■ PROBLEM DETAILS:
Exclude every picture and return the remaining entries below verbatim.

(RECORDS TO PROCESS Opens)

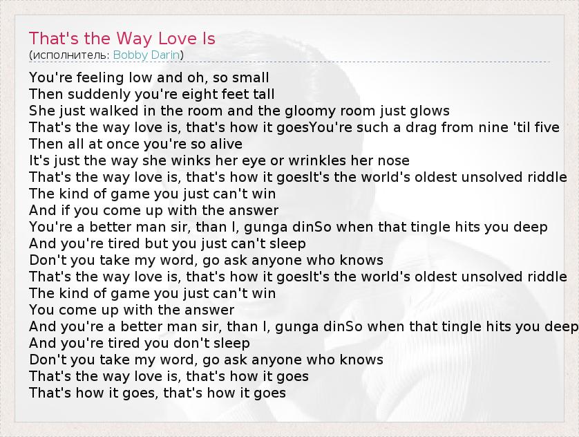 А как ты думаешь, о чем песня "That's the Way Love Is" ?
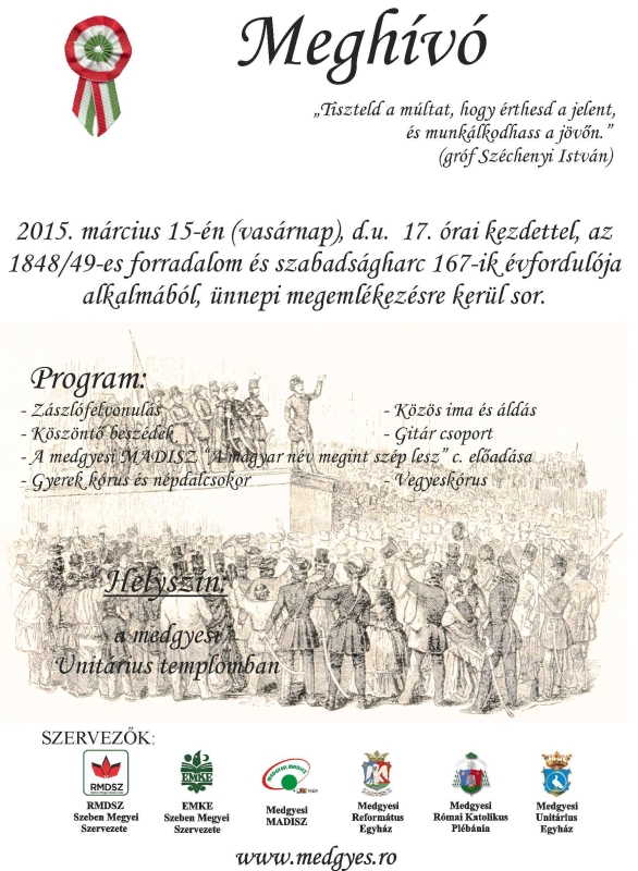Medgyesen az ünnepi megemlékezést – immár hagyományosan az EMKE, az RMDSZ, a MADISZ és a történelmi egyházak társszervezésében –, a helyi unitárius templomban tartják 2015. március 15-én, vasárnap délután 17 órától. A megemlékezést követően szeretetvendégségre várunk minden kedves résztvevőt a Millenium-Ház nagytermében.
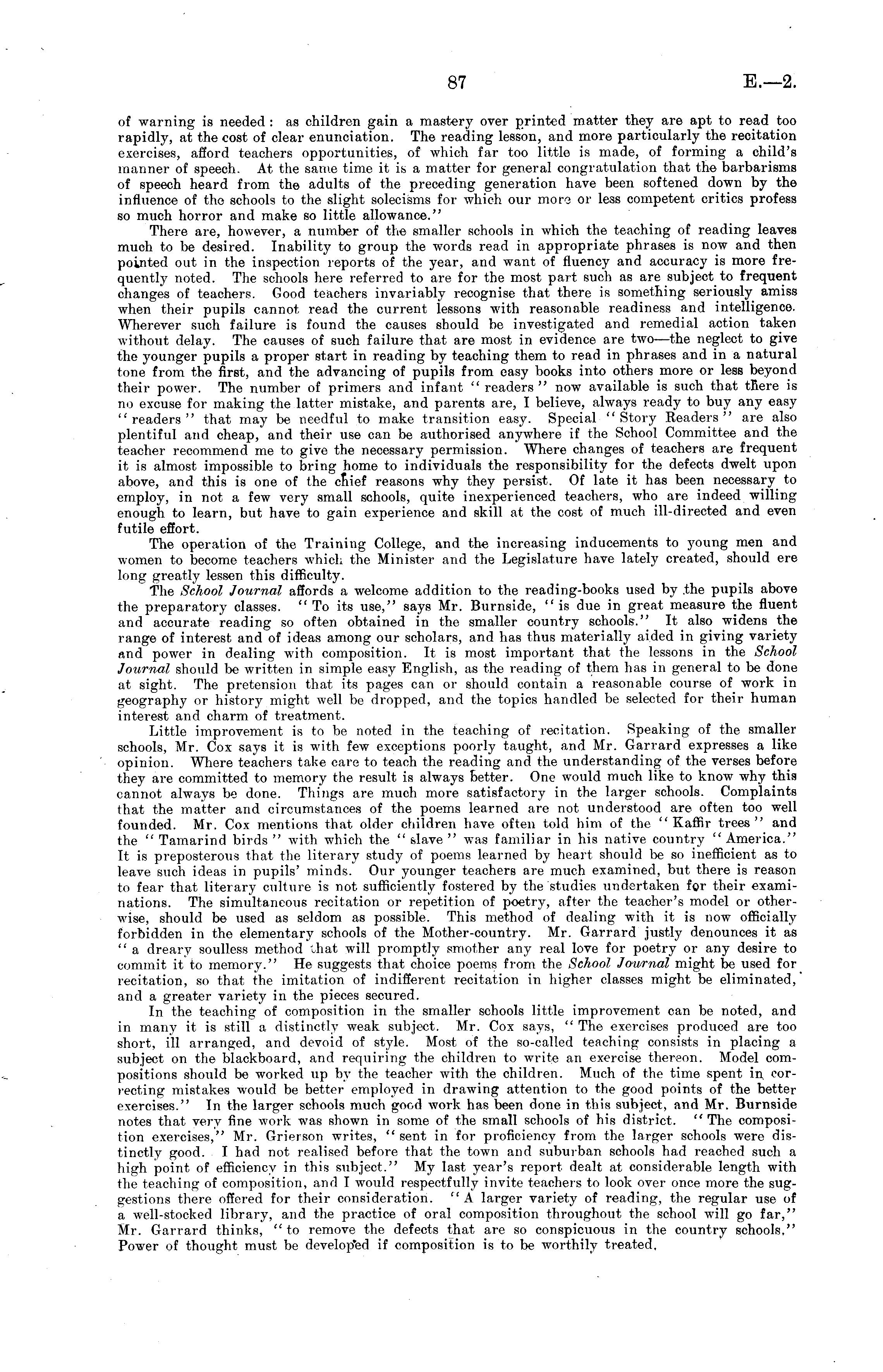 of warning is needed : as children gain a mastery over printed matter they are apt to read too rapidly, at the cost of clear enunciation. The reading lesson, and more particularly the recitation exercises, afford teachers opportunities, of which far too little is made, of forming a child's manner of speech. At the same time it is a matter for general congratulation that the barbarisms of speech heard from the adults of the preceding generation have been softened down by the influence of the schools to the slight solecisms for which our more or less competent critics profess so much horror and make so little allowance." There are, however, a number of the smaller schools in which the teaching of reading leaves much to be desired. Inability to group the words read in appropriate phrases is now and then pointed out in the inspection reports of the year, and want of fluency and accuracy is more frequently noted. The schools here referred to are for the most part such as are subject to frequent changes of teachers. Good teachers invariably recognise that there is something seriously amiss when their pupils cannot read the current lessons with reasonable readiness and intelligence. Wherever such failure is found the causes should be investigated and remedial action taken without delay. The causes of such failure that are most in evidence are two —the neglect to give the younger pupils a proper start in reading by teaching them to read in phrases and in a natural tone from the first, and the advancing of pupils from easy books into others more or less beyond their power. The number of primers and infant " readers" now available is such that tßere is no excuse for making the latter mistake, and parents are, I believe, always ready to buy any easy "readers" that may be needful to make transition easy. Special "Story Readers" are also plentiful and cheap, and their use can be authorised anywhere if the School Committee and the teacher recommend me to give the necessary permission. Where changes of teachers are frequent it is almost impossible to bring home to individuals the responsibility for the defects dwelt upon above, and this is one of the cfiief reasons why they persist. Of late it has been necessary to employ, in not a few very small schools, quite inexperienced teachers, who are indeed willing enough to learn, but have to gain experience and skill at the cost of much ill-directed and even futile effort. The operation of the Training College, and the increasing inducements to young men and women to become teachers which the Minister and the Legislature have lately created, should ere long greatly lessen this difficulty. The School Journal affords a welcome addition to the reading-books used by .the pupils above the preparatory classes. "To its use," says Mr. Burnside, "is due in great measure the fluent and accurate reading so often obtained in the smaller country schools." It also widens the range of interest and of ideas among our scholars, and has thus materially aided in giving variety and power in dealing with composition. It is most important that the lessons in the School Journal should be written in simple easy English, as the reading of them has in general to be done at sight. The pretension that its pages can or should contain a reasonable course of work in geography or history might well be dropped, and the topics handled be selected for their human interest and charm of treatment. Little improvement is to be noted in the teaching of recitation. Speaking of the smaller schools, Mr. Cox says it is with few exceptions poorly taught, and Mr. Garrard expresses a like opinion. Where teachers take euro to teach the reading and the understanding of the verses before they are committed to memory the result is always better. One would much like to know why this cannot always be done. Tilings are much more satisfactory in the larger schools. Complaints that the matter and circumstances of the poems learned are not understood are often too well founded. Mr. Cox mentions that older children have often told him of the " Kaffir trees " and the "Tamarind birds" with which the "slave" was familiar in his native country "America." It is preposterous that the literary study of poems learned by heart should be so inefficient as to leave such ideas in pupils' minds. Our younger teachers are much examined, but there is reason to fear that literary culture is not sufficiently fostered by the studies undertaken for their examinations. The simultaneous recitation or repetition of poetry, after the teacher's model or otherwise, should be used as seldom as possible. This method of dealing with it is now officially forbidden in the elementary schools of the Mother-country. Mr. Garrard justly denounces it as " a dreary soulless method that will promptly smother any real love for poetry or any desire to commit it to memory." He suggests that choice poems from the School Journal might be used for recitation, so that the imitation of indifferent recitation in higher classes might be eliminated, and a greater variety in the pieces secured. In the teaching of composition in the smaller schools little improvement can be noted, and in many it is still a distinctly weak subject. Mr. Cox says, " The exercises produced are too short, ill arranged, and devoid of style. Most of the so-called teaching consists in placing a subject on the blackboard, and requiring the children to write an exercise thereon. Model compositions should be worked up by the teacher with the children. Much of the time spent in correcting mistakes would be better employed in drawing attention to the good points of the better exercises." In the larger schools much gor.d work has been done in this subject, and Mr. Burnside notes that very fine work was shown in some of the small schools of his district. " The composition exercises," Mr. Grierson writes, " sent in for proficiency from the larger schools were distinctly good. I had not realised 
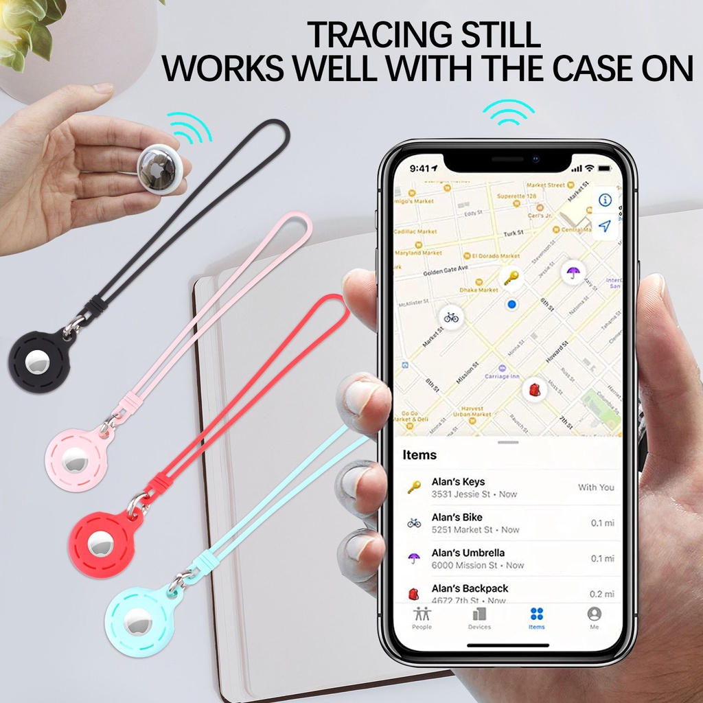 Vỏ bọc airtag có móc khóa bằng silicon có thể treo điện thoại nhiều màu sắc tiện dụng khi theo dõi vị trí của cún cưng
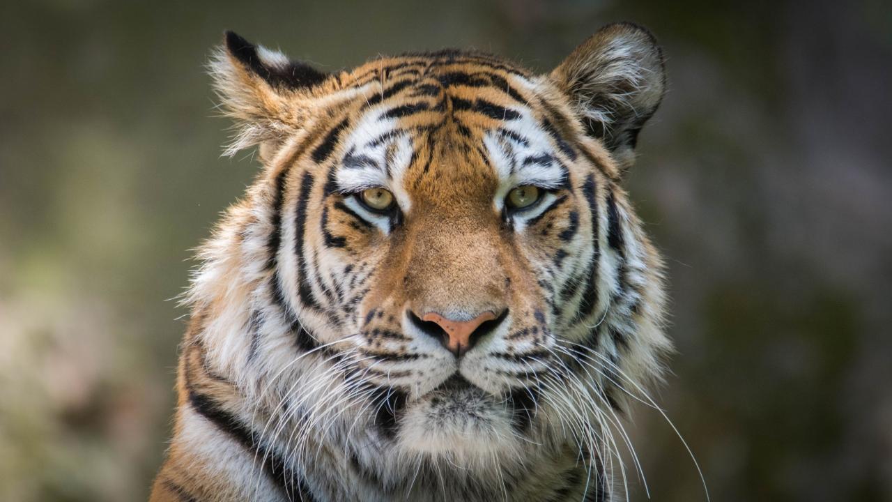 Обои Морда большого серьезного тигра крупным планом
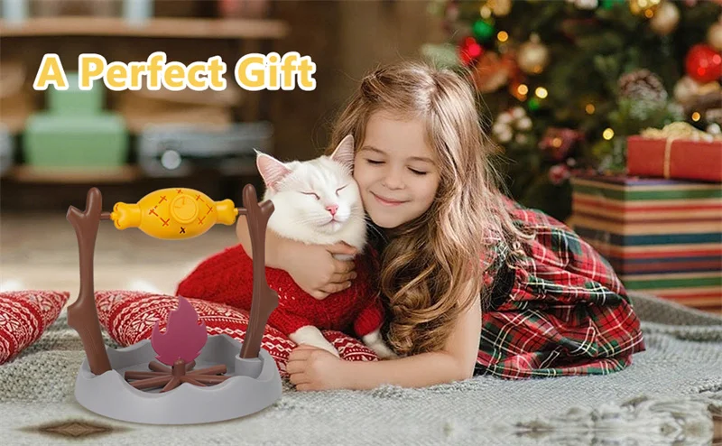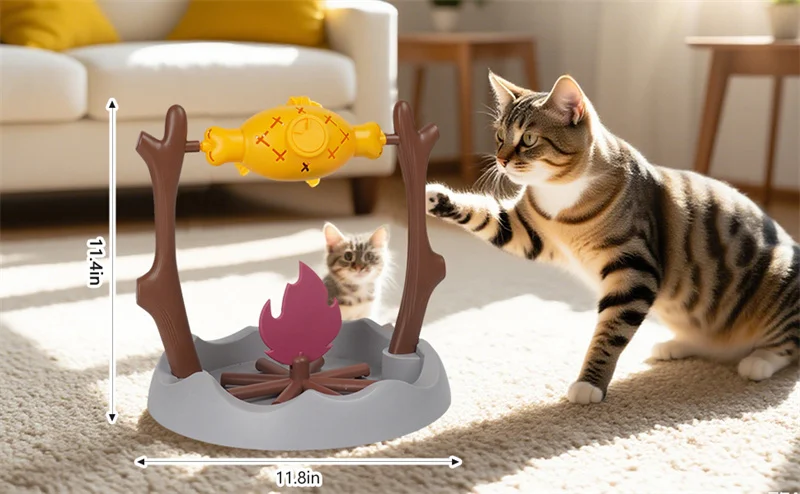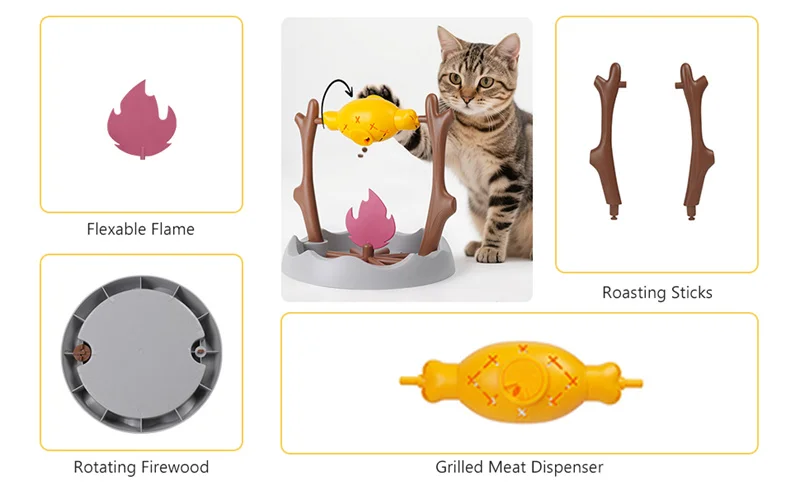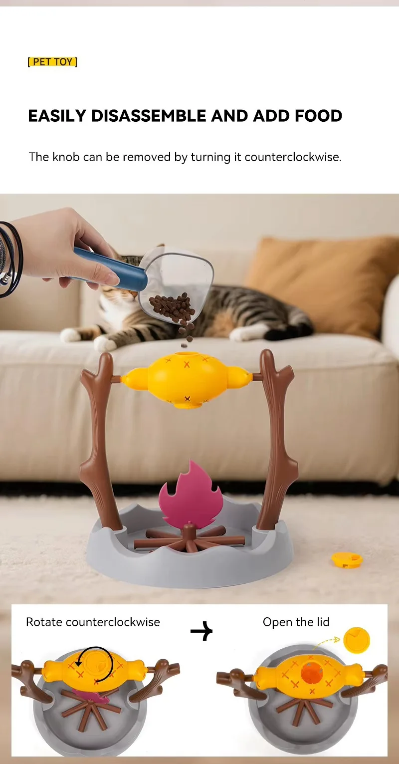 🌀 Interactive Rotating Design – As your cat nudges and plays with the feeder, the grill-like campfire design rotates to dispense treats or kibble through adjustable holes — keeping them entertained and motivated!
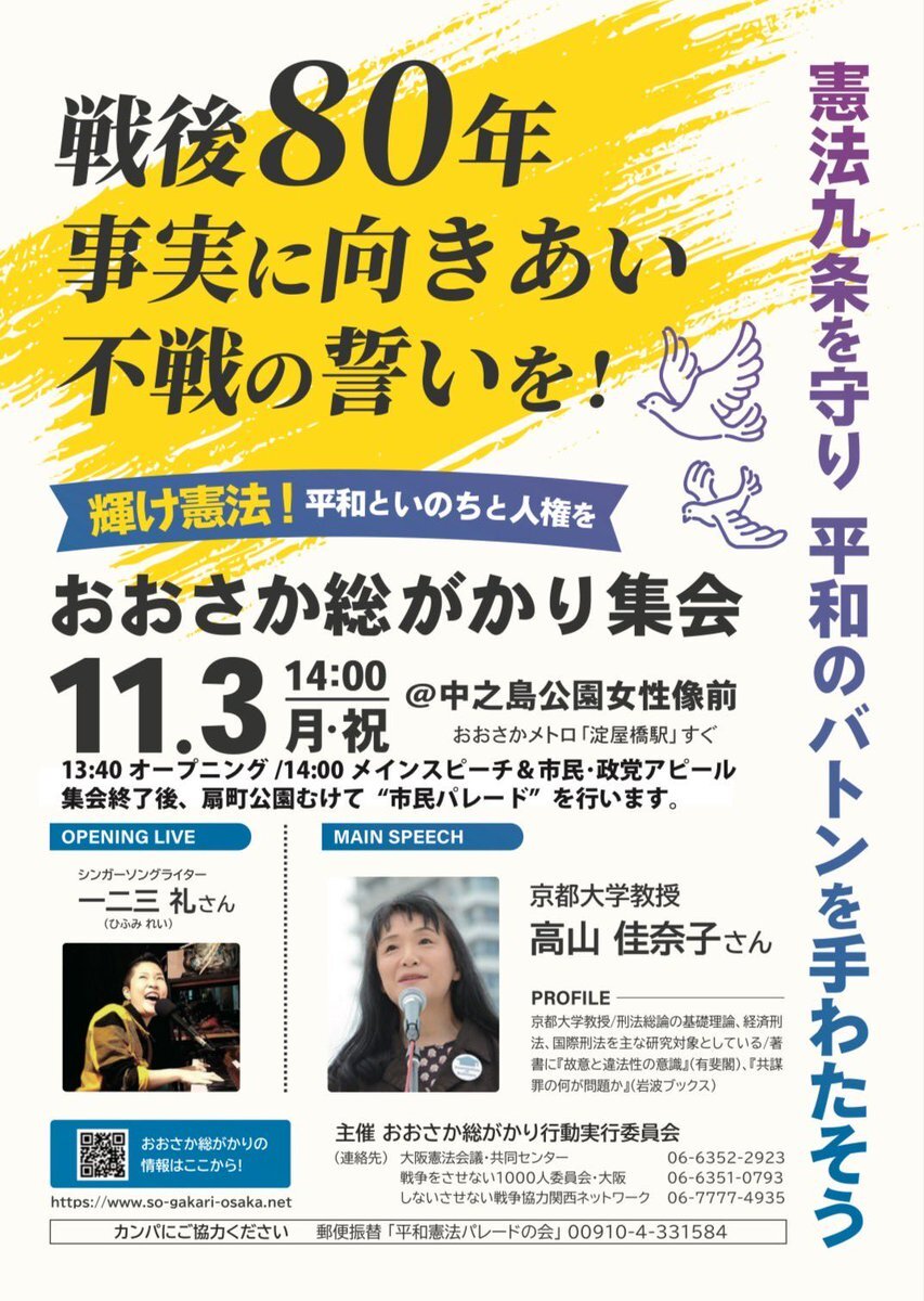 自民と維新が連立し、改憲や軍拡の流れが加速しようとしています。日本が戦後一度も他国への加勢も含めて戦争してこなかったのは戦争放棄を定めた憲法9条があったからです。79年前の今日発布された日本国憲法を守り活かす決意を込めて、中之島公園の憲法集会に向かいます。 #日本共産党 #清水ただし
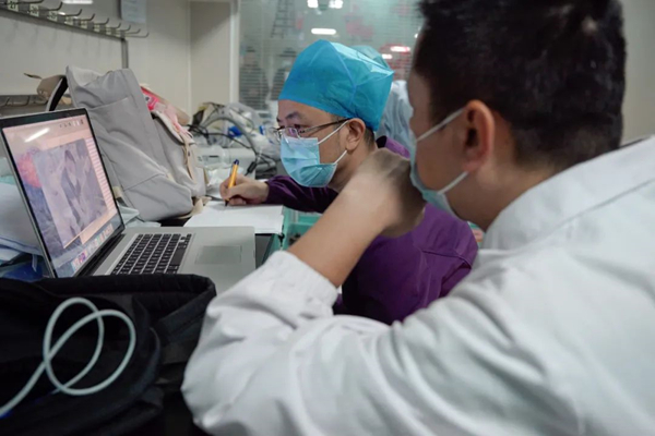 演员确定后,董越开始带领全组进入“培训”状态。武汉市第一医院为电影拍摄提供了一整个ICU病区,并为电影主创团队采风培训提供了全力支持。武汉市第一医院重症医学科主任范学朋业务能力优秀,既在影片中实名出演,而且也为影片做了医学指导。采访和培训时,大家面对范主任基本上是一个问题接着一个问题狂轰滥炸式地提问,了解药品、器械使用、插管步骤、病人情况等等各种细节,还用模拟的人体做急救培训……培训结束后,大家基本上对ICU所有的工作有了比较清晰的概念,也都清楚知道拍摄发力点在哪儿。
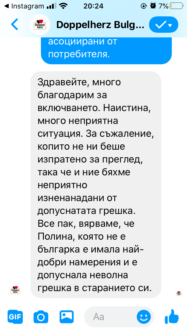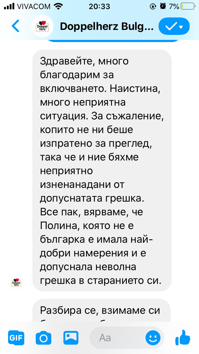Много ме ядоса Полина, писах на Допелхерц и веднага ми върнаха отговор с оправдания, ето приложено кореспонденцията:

(RECORDS TO PROCESS Closes)

■ THE COMPLETED TASK:
 А как ты думаешь, о чем песня "That's the Way Love Is" ?
Medgyesen az ünnepi megemlékezést – immár hagyományosan az EMKE, az RMDSZ, a MADISZ és a történelmi egyházak társszervezésében –, a helyi unitárius templomban tartják 2015. március 15-én, vasárnap délután 17 órától. A megemlékezést követően szeretetvendégségre várunk minden kedves résztvevőt a Millenium-Ház nagytermében.
 of warning is needed : as children gain a mastery over printed matter they are apt to read too rapidly, at the cost of clear enunciation. The reading lesson, and more particularly the recitation exercises, afford teachers opportunities, of which far too little is made, of forming a child's manner of speech. At the same time it is a matter for general congratulation that the barbarisms of speech heard from the adults of the preceding generation have been softened down by the influence of the schools to the slight solecisms for which our more or less competent critics profess so much horror and make so little allowance." There are, however, a number of the smaller schools in which the teaching of reading leaves much to be desired. Inability to group the words read in appropriate phrases is now and then pointed out in the inspection reports of the year, and want of fluency and accuracy is more frequently noted. The schools here referred to are for the most part such as are subject to frequent changes of teachers. Good teachers invariably recognise that there is something seriously amiss when their pupils cannot read the current lessons with reasonable readiness and intelligence. Wherever such failure is found the causes should be investigated and remedial action taken without delay. The causes of such failure that are most in evidence are two —the neglect to give the younger pupils a proper start in reading by teaching them to read in phrases and in a natural tone from the first, and the advancing of pupils from easy books into others more or less beyond their power. The number of primers and infant " readers" now available is such that tßere is no excuse for making the latter mistake, and parents are, I believe, always ready to buy any easy "readers" that may be needful to make transition easy. Special "Story Readers" are also plentiful and cheap, and their use can be authorised anywhere if the School Committee and the teacher recommend me to give the necessary permission. Where changes of teachers are frequent it is almost impossible to bring home to individuals the responsibility for the defects dwelt upon above, and this is one of the cfiief reasons why they persist. Of late it has been necessary to employ, in not a few very small schools, quite inexperienced teachers, who are indeed willing enough to learn, but have to gain experience and skill at the cost of much ill-directed and even futile effort. The operation of the Training College, and the increasing inducements to young men and women to become teachers which the Minister and the Legislature have lately created, should ere long greatly lessen this difficulty. The School Journal affords a welcome addition to the reading-books used by .the pupils above the preparatory classes. "To its use," says Mr. Burnside, "is due in great measure the fluent and accurate reading so often obtained in the smaller country schools." It also widens the range of interest and of ideas among our scholars, and has thus materially aided in giving variety and power in dealing with composition. It is most important that the lessons in the School Journal should be written in simple easy English, as the reading of them has in general to be done at sight. The pretension that its pages can or should contain a reasonable course of work in geography or history might well be dropped, and the topics handled be selected for their human interest and charm of treatment. Little improvement is to be noted in the teaching of recitation. Speaking of the smaller schools, Mr. Cox says it is with few exceptions poorly taught, and Mr. Garrard expresses a like opinion. Where teachers take euro to teach the reading and the understanding of the verses before they are committed to memory the result is always better. One would much like to know why this cannot always be done. Tilings are much more satisfactory in the larger schools. Complaints that the matter and circumstances of the poems learned are not understood are often too well founded. Mr. Cox mentions that older children have often told him of the " Kaffir trees " and the "Tamarind birds" with which the "slave" was familiar in his native country "America." It is preposterous that the literary study of poems learned by heart should be so inefficient as to leave such ideas in pupils' minds. Our younger teachers are much examined, but there is reason to fear that literary culture is not sufficiently fostered by the studies undertaken for their examinations. The simultaneous recitation or repetition of poetry, after the teacher's model or otherwise, should be used as seldom as possible. This method of dealing with it is now officially forbidden in the elementary schools of the Mother-country. Mr. Garrard justly denounces it as " a dreary soulless method that will promptly smother any real love for poetry or any desire to commit it to memory." He suggests that choice poems from the School Journal might be used for recitation, so that the imitation of indifferent recitation in higher classes might be eliminated, and a greater variety in the pieces secured. In the teaching of composition in the smaller schools little improvement can be noted, and in many it is still a distinctly weak subject. Mr. Cox says, " The exercises produced are too short, ill arranged, and devoid of style. Most of the so-called teaching consists in placing a subject on the blackboard, and requiring the children to write an exercise thereon. Model compositions should be worked up by the teacher with the children. Much of the time spent in correcting mistakes would be better employed in drawing attention to the good points of the better exercises." In the larger schools much gor.d work has been done in this subject, and Mr. Burnside notes that very fine work was shown in some of the small schools of his district. " The composition exercises," Mr. Grierson writes, " sent in for proficiency from the larger schools were distinctly good. I had not realised 
 Vỏ bọc airtag có móc khóa bằng silicon có thể treo điện thoại nhiều màu sắc tiện dụng khi theo dõi vị trí của cún cưng
 Обои Морда большого серьезного тигра крупным планом
 🌀 Interactive Rotating Design – As your cat nudges and plays with the feeder, the grill-like campfire design rotates to dispense treats or kibble through adjustable holes — keeping them entertained and motivated!
 自民と維新が連立し、改憲や軍拡の流れが加速しようとしています。日本が戦後一度も他国への加勢も含めて戦争してこなかったのは戦争放棄を定めた憲法9条があったからです。79年前の今日発布された日本国憲法を守り活かす決意を込めて、中之島公園の憲法集会に向かいます。 #日本共産党 #清水ただし
 演员确定后,董越开始带领全组进入“培训”状态。武汉市第一医院为电影拍摄提供了一整个ICU病区,并为电影主创团队采风培训提供了全力支持。武汉市第一医院重症医学科主任范学朋业务能力优秀,既在影片中实名出演,而且也为影片做了医学指导。采访和培训时,大家面对范主任基本上是一个问题接着一个问题狂轰滥炸式地提问,了解药品、器械使用、插管步骤、病人情况等等各种细节,还用模拟的人体做急救培训……培训结束后,大家基本上对ICU所有的工作有了比较清晰的概念,也都清楚知道拍摄发力点在哪儿。
Много ме ядоса Полина, писах на Допелхерц и веднага ми върнаха отговор с оправдания, ето приложено кореспонденцията:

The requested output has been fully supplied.